MEACP : a Monstra, a Eternidade e a Assertividade com as Coisas Passageiras....

Acredito na arte como reinterpretação humana, do que quer que seja que os humanos experienciem. Pôr uma ordem no caos humano, ignorá-lo, acentuá-lo , percebê-lo, enfim seja ele o que for. Não a compreendo sem o elemento de mudança: "mudam-se os tempos mudam-se as vontades, muda-se o ser , muda-se a esperança, todo o mundo é composto de mudanças" - Luís de Camões, o autor de uma das frases /lemas minhas preferidas. Outro dos meus lemas preferidos é uma colagem de uma frase que alguém criou acrescentada de algo meu: " È a falar que as pessoas se entendem" ( frase de autor desconhecido), a que juntei: "quando se querem entender".. Então fica assim :


" È a falar que as pessoas se entendem, quando querem entender"

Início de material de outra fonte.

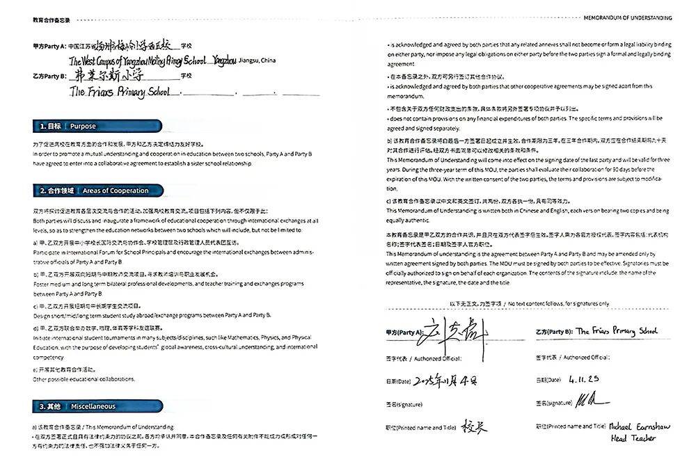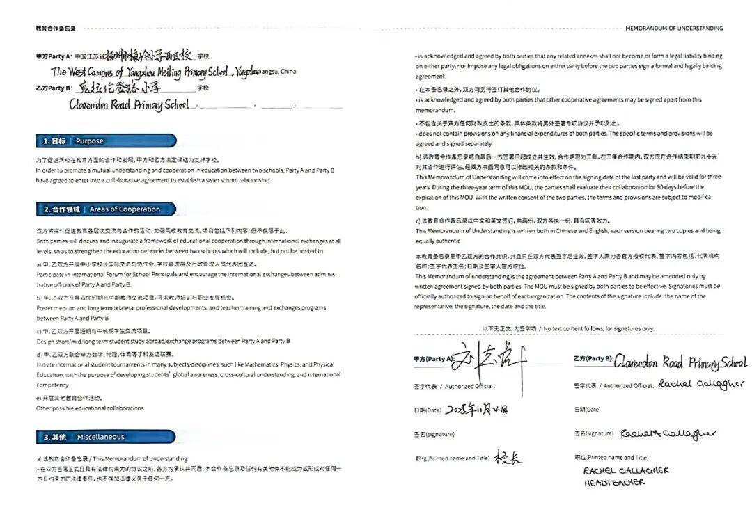 南京师范大学附属邗江实验学校与韦斯特伍德公园社区小学完成友好签约。外方代表Sara女士走进校园,近距离观看学生手工作品,体验中华传统文化并获赠书法作品。她深入二年级音乐与数学课堂,了解学校课堂范式;五年级学生则主动向她介绍班级“完美教室”特色。张义兵校长还带领嘉宾参观了校园农场,展现学校在劳动教育与校园文化建设上的积极探索。
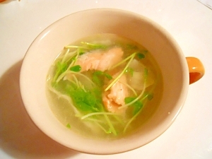 楽天レシピ:「ウェイパーで☆鮭アラとキャベツ&豆苗 スープ 」より
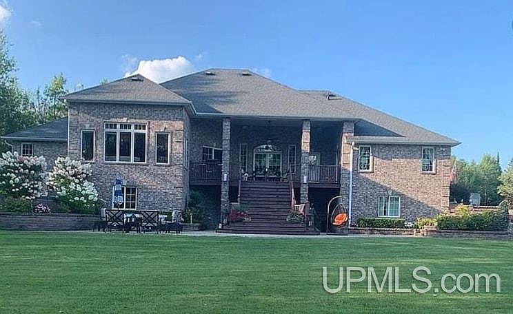 Executive Riverfront Estate just 10 minutes west of Escanaba is the ultimate in privacy, luxury and natural beauty. This ten acres sits on 700 feet of Ford River frontage and is unmatched in terms of peaceful country living while being close to town. Brick lighted pillars greet you as you enter the property which is professionally landscaped & maintained including an underground watering system. This home has been expertly designed from the custom kitchen cabinets with crown molding, center island with top of the line Wolf and Sub-zero appliances to the private home office with abundant built in cabinets and drawers, with a view of this gorgeous property. Spectacular views of the river from almost every room! Master suite includes his and her closets with custom built ins, jetted garden tub, and custom shower. Two main floor bedrooms share Jack and Jill style bathroom. Walkout Basement includes immaculate custom bar, bathroom with heated floor, oversized bedroom, a theater room and storage space. House has two car attached garage along with a detached three car garage for extra storage and work space.
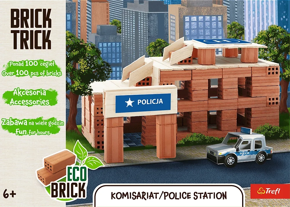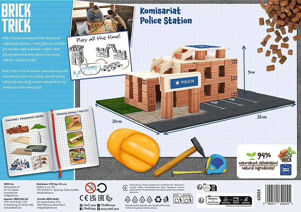 Bouw een gedetailleerd politiebureau van echte kleibaksteentjes en houten elementen. De set biedt een authentieke bouwervaring – steen voor steen, het snijden en lijmen van plankjes en de finale afwerking met meegeleverde decoraties en papieren figuurtjes. Het voltooide bouwwerk kun je eenvoudig aanpassen en uit elkaar halen dankzij de lijm die in water oplost.

Assim quando quero falar com alguém com quem quero falar digo :

È a falar que as pessoas se entendem , quando se querem entender. Queres entender-te comigo?" Se a pessoa diz sim , então falo e normalmente entendemo-nos. Se a pessoa começa logo com insultos e agressões já sei que ela não se deseja entender. Das duas uma : ou viro a cara e ignoro, e isso é uma bofetada de luva branca, ou ponho os pontos nos is, isto é digo-lhe de forma assertiva aquilo que realmente merece ouvir, porque uma coisa aprendi na vida: os sacaninhas, que gostam de pisar tudo e todos para se imporem , precisam de ser contrariados e de ver que há gente que deles não tem medo, e isso é um caminho que não é fácil para irem perdendo terreno para a sua caça ilegal. Bom , mas quem disse que a vida é um mar de rosas? E então os picos!!! Definitivamente os conflitos fazem parte dela. Da tempestade surge a bonança.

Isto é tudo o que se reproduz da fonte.